■ **What is needed**: Write out the whole listing below exactly, skipping each picture.

■ **Information provided**:
^^^^
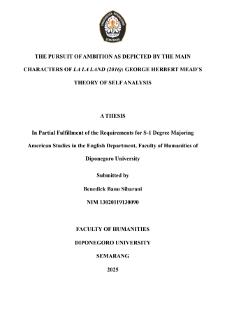 Sibarani, Benedick Banu (2025) THE PURSUIT OF AMBITION AS DEPICTED BY THE MAIN CHARACTERS OF LA LA LAND (2016): GEORGE HERBERT MEAD’S THEORY OF SELF ANALYSIS. Undergraduate thesis, Diponegoro University.
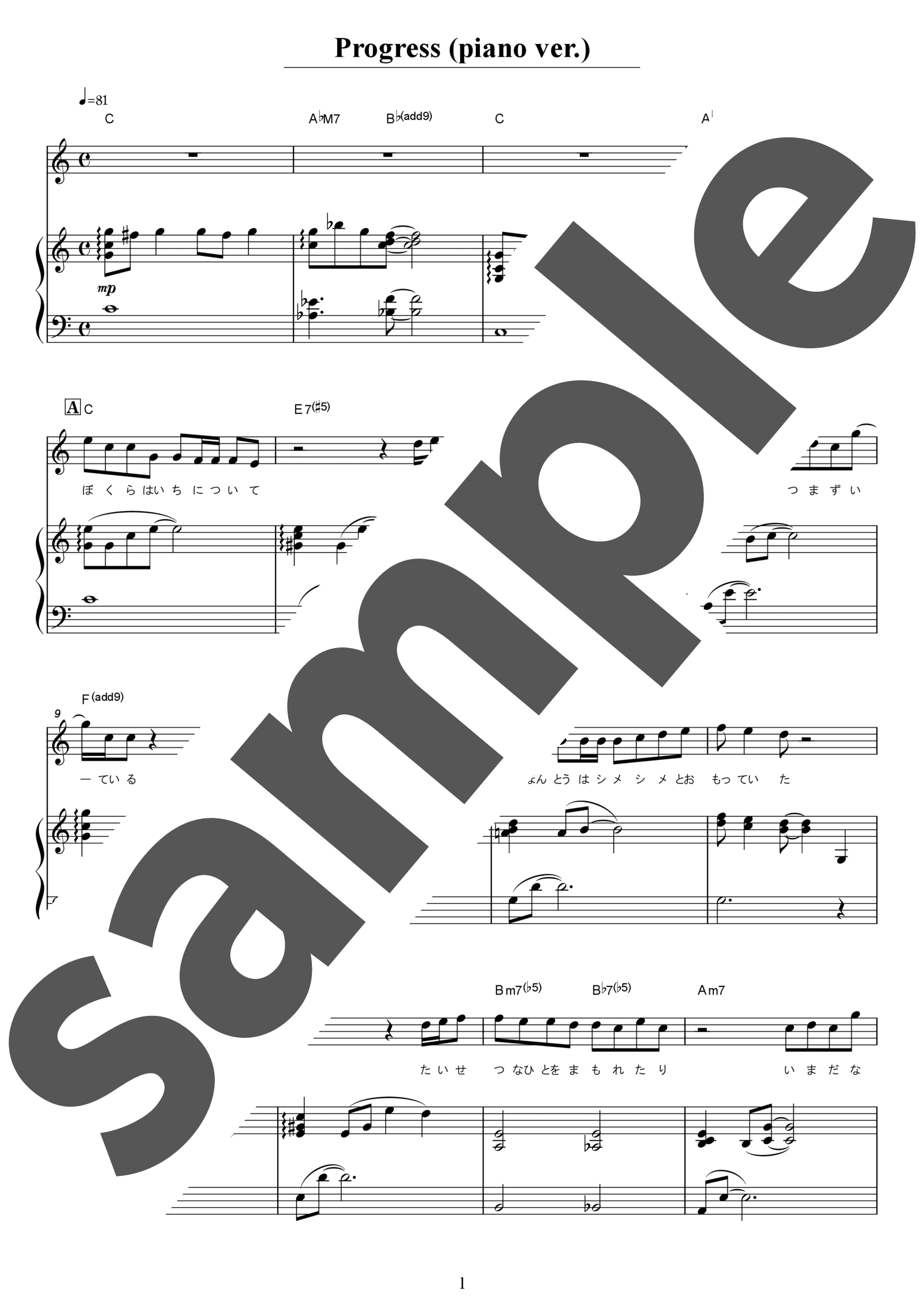 NHK「プロフェッショナル 仕事の流儀」の主題歌として知られる、スガシカオの「Progress」。内省的な歌詞と、温かくも力強いメロディが印象的な楽曲です。今回のピアノとボーカルのみというシンプルな編成は、芯のあるメッセージをより深く際立たせています。ボーカルは素直に歌い上げることで、楽曲のメッセージがより伝わります。伴奏は、冒頭は語りかけるようなタッチでやわらかく始め、Dからは輪郭のはっきりしたタッチで、鋭い音を織り交ぜましょう。
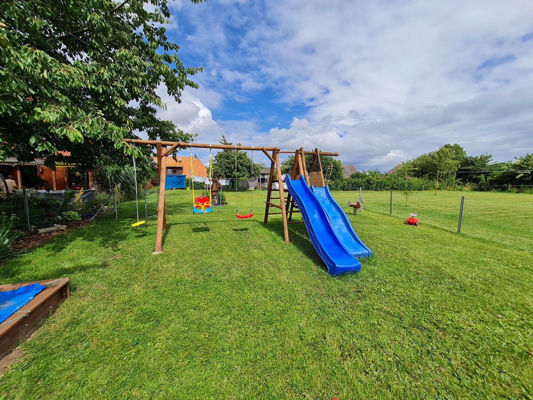 Directly in front of the house there is a west-facing terrace with a barbecue and if you walk around the house there is a small fenced-in playground with seating, which is used by us and can be shared by the guests.
^^^^
■ **Result of the task**:
 Sibarani, Benedick Banu (2025) THE PURSUIT OF AMBITION AS DEPICTED BY THE MAIN CHARACTERS OF LA LA LAND (2016): GEORGE HERBERT MEAD’S THEORY OF SELF ANALYSIS. Undergraduate thesis, Diponegoro University.
 NHK「プロフェッショナル 仕事の流儀」の主題歌として知られる、スガシカオの「Progress」。内省的な歌詞と、温かくも力強いメロディが印象的な楽曲です。今回のピアノとボーカルのみというシンプルな編成は、芯のあるメッセージをより深く際立たせています。ボーカルは素直に歌い上げることで、楽曲のメッセージがより伝わります。伴奏は、冒頭は語りかけるようなタッチでやわらかく始め、Dからは輪郭のはっきりしたタッチで、鋭い音を織り交ぜましょう。
 Directly in front of the house there is a west-facing terrace with a barbecue and if you walk around the house there is a small fenced-in playground with seating, which is used by us and can be shared by the guests.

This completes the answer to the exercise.